Problem with pytorch multiprocessing

kim135797531 · November 24, 2019, 5:55pm

Current local_evaluation.py doesn’t have if __name__ == "__main__".

It means user can’t share the CUDA tensors between python subprocesses with torch multiprocessing, because we can’t call mp.set_start_method(“forkserver”).

Even we can use multiprocessing, real_robots (0.1.16) never calls end_extrinsic_phase() method, so we have no idea when to terminate our subprocesses. (Maybe bug?)
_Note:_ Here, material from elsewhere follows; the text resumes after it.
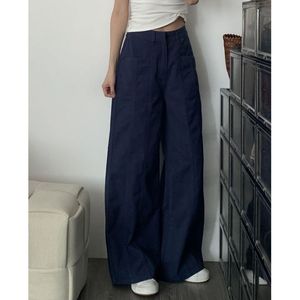 小个子复古水洗藏蓝色工装裤女阔腿牛仔裤女高腰宽松显瘦直筒长裤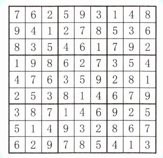 数独是一种逻辑性很强的数字填充游戏,游戏参与者要把数字填进每一格,使每一行、每一列和每个宫(即3×3的大格)都有1~9这9个数字。

ec_ai · November 25, 2019, 7:31am

Dear kim135797531,
I am not familiar with mpi.set_start_method, but I see that the reason to use it in main is to ensure it is called only once.
So you might have a workaround by using an an empty file as a lock.
i.e. before you invoke set_start_method you check if the file is present, if it is not, you create it and use set_start_method; otherwise, if the file is present, another process has already called set_start_method.

Even we can use multiprocessing, real_robots (0.1.16) never calls end_extrinsic_phase() method, so we have no idea when to terminate our subprocesses. (Maybe bug?)

Yes, it is a bug. I see now that at the end of the extrinsic phase, end_extrinsic_trial() is called again instead of end_extrinsic_phase().
It is too late now to release a fix (it might be disruptive with just a few hours for the final submissions), however you can still catch the end of the extrinsic_phase by detecting when end_extrinsic_trial is called two times in a row
The controller code might be like this:

def start_extrinsic_trial(self):
    self.trial_ends = 0
    pass

def end_extrinsic_trial(self):
    self.trial_ends +=1
    if self.trial_ends > 1:
        self.end_extrinsic_phase()
    pass

def end_extrinsic_phase(self):
    print("Extrinsic phase has ended!")
    pass

kim135797531 · November 26, 2019, 7:30am

Thanks for answers. Python fork method ‘spawn’ or ‘forkserver’ will reload every script when they received request to generate subprocess, leads to unavoidable re-executing of ‘EvaluationService’ for real_robots by separated python interpreter. So making lock file can’t prevent this kind of problem I think.
(https://docs.python.org/3/library/multiprocessing.html)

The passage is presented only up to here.